> [WHAT YOU ARE ASKED TO DO]: Starting from the line with "在山東省東營(yíng)市黃" and going up to and including the line with "Anel Aramado com", copy the listing below exactly. Leave all images out.

> [GIVEN DATA]:
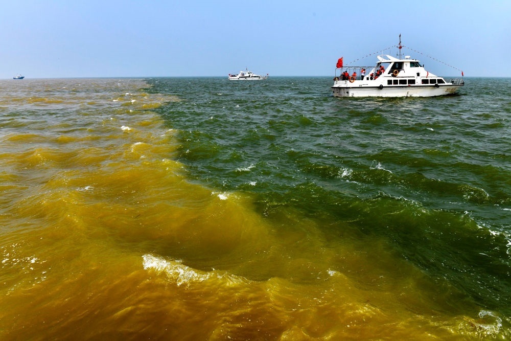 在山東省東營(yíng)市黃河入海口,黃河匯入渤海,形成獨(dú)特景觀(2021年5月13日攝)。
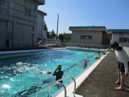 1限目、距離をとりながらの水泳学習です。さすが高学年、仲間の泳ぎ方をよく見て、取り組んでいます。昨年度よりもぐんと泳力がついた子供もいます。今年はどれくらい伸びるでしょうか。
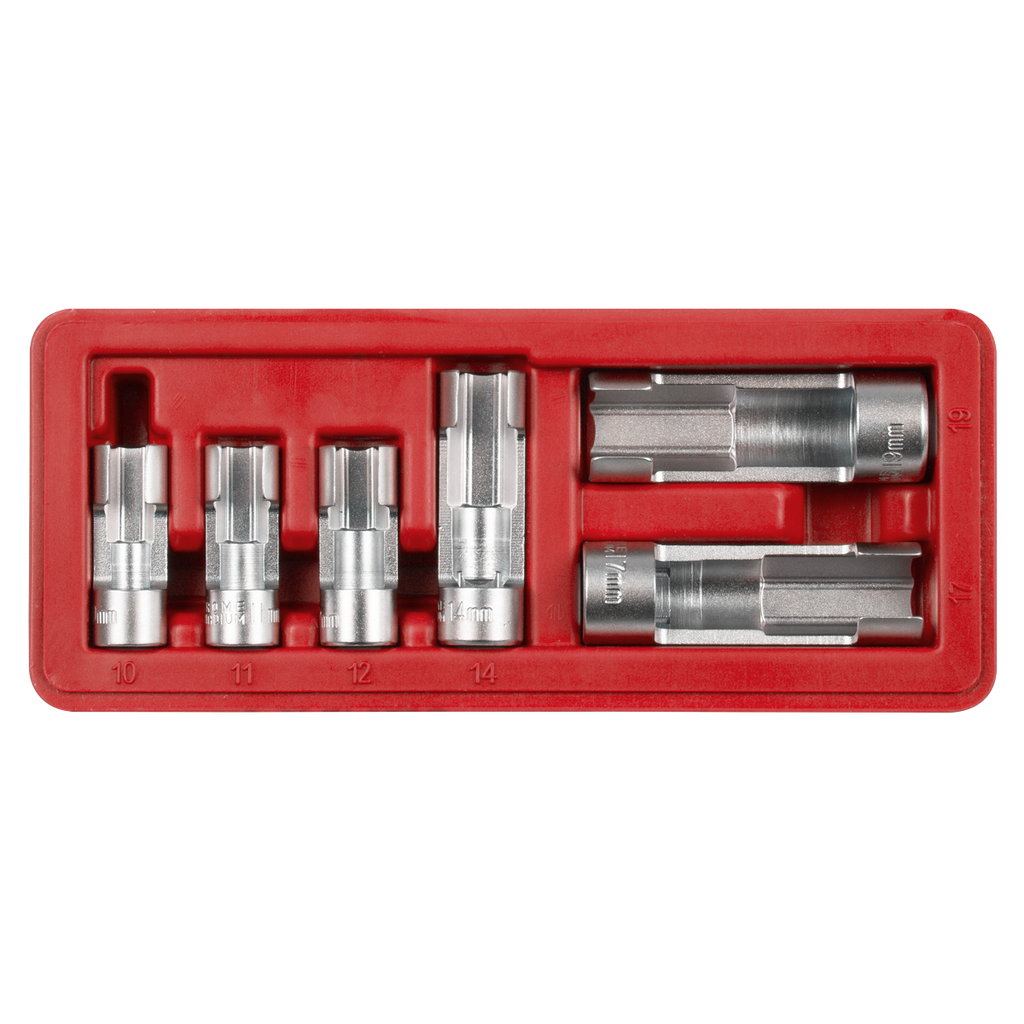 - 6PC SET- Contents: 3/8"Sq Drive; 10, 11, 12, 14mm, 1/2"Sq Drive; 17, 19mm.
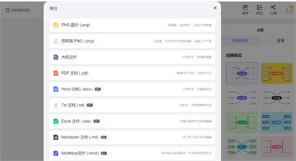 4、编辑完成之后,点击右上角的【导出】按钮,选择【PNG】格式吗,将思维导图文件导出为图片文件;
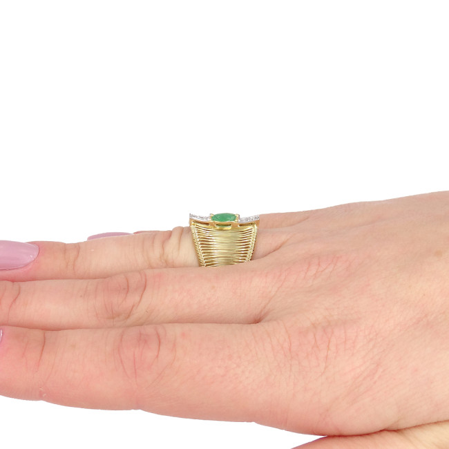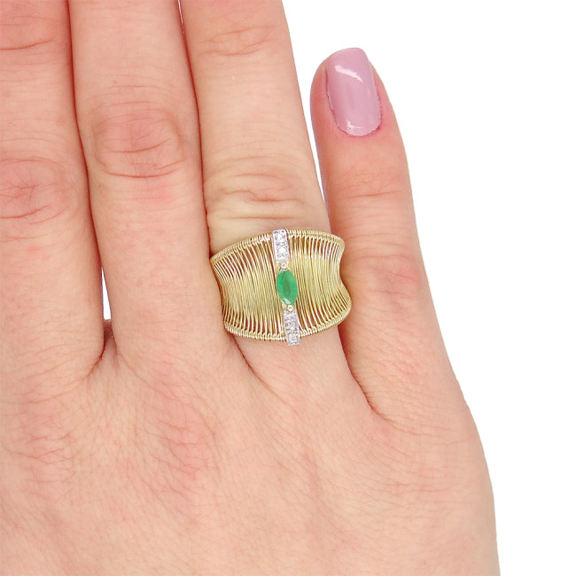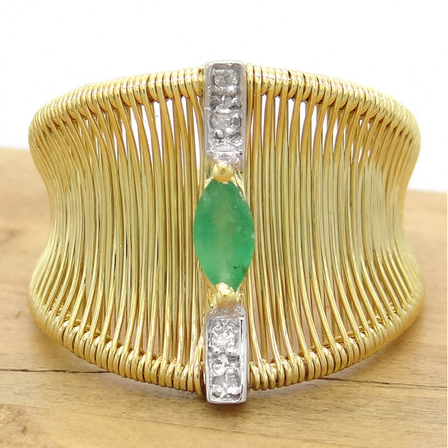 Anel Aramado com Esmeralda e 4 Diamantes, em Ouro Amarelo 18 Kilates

...

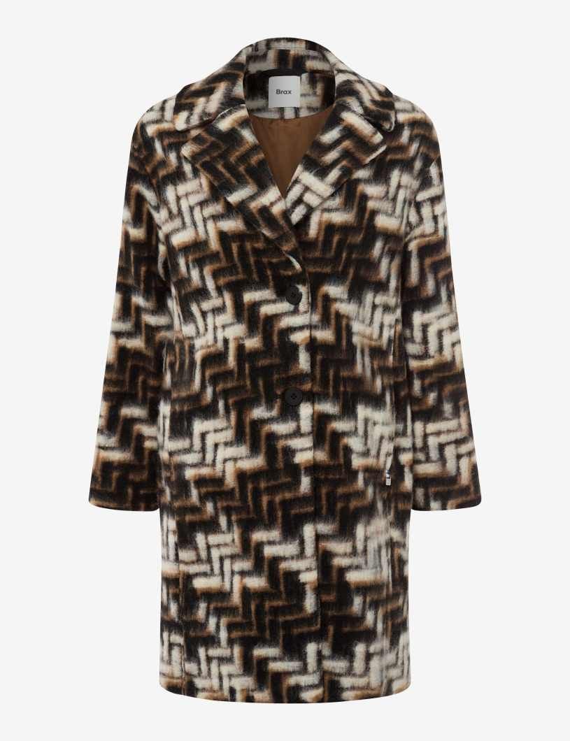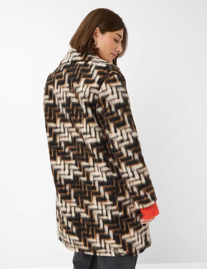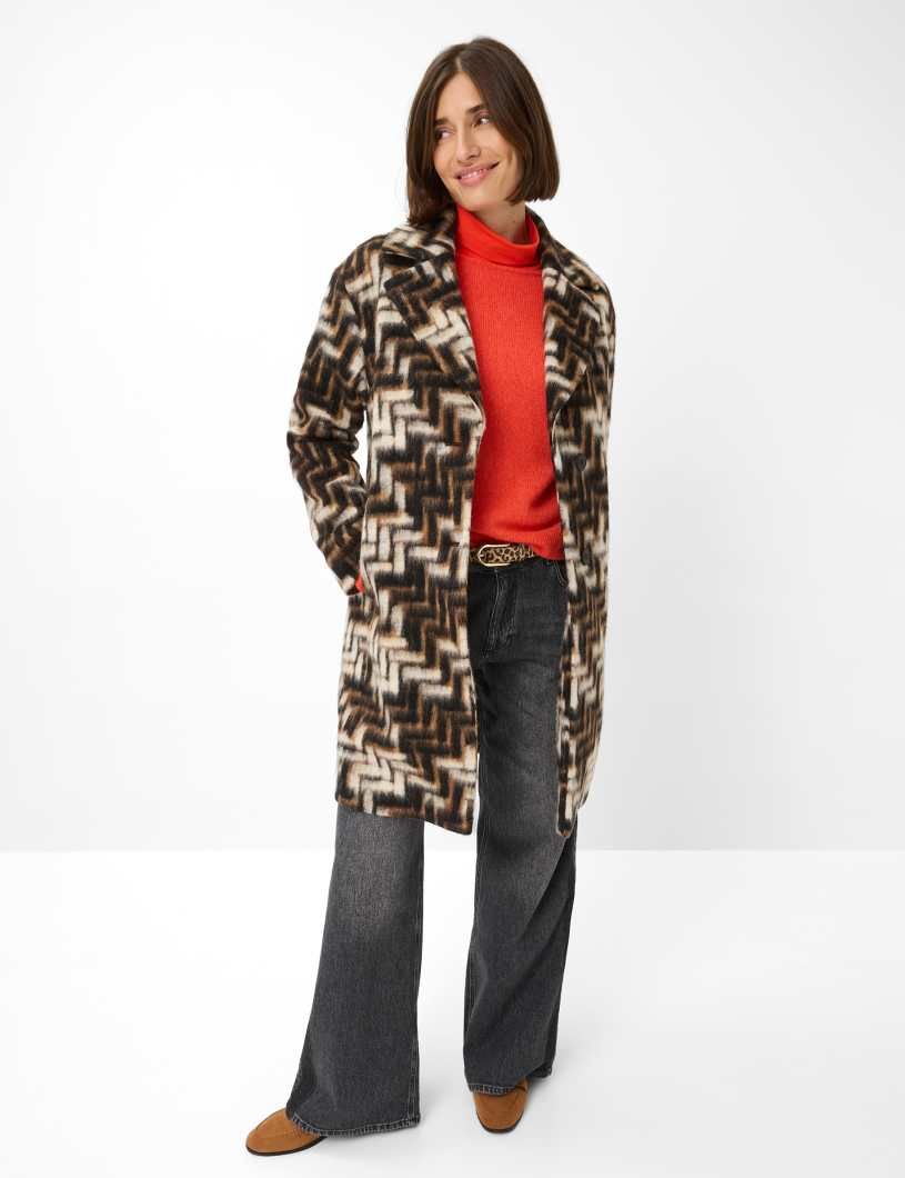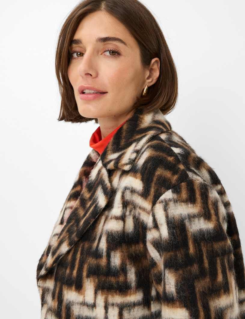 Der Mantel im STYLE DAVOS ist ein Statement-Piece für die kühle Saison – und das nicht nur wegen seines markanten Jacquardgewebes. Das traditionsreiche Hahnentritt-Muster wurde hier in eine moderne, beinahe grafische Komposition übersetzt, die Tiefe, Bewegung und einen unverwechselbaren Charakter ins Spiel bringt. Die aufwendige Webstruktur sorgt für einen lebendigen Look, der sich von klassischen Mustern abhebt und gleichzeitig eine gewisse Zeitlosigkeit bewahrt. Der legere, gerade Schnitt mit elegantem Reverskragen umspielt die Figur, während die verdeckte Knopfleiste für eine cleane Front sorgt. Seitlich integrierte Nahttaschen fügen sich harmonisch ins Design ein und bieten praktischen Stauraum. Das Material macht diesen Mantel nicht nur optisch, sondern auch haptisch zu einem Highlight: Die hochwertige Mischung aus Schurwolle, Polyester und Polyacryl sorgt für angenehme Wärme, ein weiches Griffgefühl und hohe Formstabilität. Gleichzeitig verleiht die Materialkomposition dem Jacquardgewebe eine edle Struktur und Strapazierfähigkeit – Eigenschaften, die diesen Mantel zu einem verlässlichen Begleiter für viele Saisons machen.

* * *

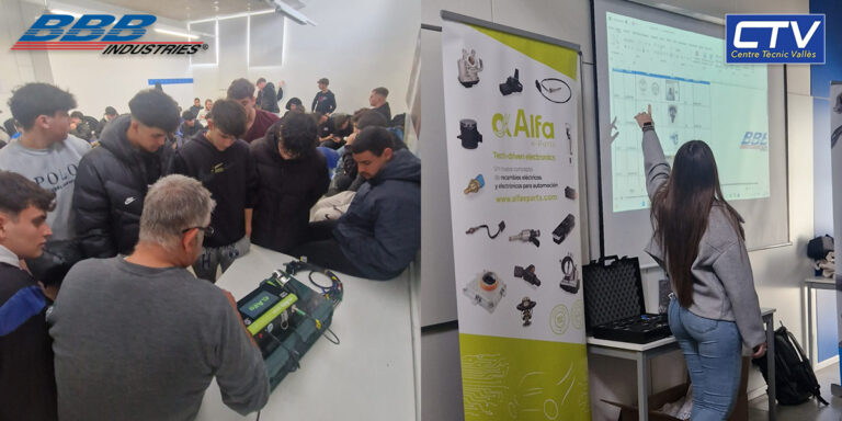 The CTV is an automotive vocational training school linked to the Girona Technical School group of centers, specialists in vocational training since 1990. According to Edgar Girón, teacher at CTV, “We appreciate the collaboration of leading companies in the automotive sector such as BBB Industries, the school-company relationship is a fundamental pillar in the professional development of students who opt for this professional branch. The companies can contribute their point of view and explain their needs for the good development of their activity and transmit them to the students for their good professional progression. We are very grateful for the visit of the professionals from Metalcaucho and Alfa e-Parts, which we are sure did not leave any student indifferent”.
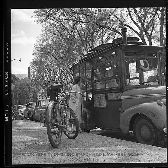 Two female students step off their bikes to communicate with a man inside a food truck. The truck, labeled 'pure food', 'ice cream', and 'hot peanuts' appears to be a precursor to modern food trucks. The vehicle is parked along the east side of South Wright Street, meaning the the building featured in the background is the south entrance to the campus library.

> [EXERCISE ANSWER]:
 在山東省東營(yíng)市黃河入海口,黃河匯入渤海,形成獨(dú)特景觀(2021年5月13日攝)。
 1限目、距離をとりながらの水泳学習です。さすが高学年、仲間の泳ぎ方をよく見て、取り組んでいます。昨年度よりもぐんと泳力がついた子供もいます。今年はどれくらい伸びるでしょうか。
 - 6PC SET- Contents: 3/8"Sq Drive; 10, 11, 12, 14mm, 1/2"Sq Drive; 17, 19mm.
 4、编辑完成之后,点击右上角的【导出】按钮,选择【PNG】格式吗,将思维导图文件导出为图片文件;
 Anel Aramado com Esmeralda e 4 Diamantes, em Ouro Amarelo 18 Kilates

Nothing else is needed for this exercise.